Quelle « réforme » ?
Aujourd’hui comme on le sait, ce sénat est devenu un repaire corrompu des p’tis amis des régimes successifs. La question se pose alors sur la viabilité et la nécessité de cette institution archaïque. Harper et les forces réactionnaires qu’il représente sont en faveur d’une « réforme ». C’est présenté comme un changement « démocratique » : les sénateurs seraient élus, comme les membres de la Chambre des Communes, selon un système de représentation qui reste à déterminer et qui refléterait la démographie. En pratique, le pourcentage des sénateurs du Québec serait appelé à diminuer, même si, pour sauver la face, on pourrait déterminer un nombre plancher, pour donner l’impression qu’on se soucie encore (mais moins) de la représentation du Québec au Parlement du Canada (c’est ce qui est arrivé avec la Chambre des communes où plusieurs nouveaux sièges ont été créés pour l’Ouest et l’Ontario, et très peu pour le Québec). Pour les conservateurs, ce changement « démocratique » ferait sauter le deuxième verrou pensé au début de la Confédération pour « apaiser » le Québec.
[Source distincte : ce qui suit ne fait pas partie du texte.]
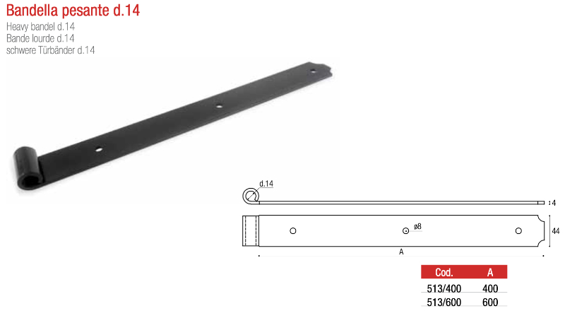 heavy strap d.14 , code 513 Adem, is an accessory for fixing wooden doors and gates.

Nouvelle configuration des forces
Cette ambition de marginaliser le Québec n’est pas facile à opérer, car elle implique un large consensus au Canada dit anglais, et très probablement des amendements à la constitution, ce qui veut dire des négociations ardues. C’est à cause de ces obstacles que les gouvernements antérieurs ont hésité à aller dans cette « réforme ». Aujourd’hui cependant, la configuration des forces a changé au Canada. Harper est fort d’un bloc social ancré dans l’ouest et dans une certaine mesure, en Ontario, où se concentrent l’accumulation du capital et la croissance démographique qui laisse le Québec derrière. Aux yeux de plusieurs, le Québec devient peu à peu une sorte de gros Nouveau-Brunswick, ce qui est alimenté par les médias et leur constant « Quebec bashing ». Bien sûr dans la réalité, le Québec n’est pas une province maritime de plus, ni par son poids démographique, ni par son histoire, ni même par son économie. Mais la perception a de l’importance sur l’échiquier politique. Cette faiblesse québécoise est décuplée du fait du long déclin du PQ, accompagnée de l’alliance permanente et solide entre les élites québécoises et les partis de droite fédéralistes, principalement le PLQ. On aurait beau matraquer le Québec et réduire son influence à Ottawa, on ne voit pas, du moins à court terme, qui va s’opposer à cela. Sur le moyen et le long terme, c’est une autre chose, mais pour Harper, cela compte peu.
La stratégie de Harper
Harper a donc potentiellement un « beau » projet dans les mains avec une éventuelle « réforme » du sénat, qui renforcerait son pouvoir et consoliderait sa base électorale. Ce ne sera certes pas l’opposition qui va se manifester au Québec (même les larbins du Parti libéral du Québec vont chialer) qui va l’intimider. Certes, il se pourrait que cela ranime un peu la flamme souverainiste et donc le PQ et le Bloc Québécois. Même là, cela peut être utilisé par Harper. De facto, la remontée du Bloc Québécois pourrait encore plus éparpiller le vote au Québec avec les deux autres partis d’opposition (PLC et NPD) et peut-être même, qui sait ? empêcher Justin Trudeau de rafler la mise et/ou encore, de renvoyer le NPD dans son éternel rôle de tiers-parti. Autre avantage, Harper deviendrait encore plus aux yeux de l’opinion canadienne manipulée par les médias le « rempart » contre la « menace séparatiste ». Cela est machiavélique, mais c’est à la hauteur d’Harper, un champion dans son domaine, et donc un redoutable adversaire pour les éléments progressistes du Québec et du Canada.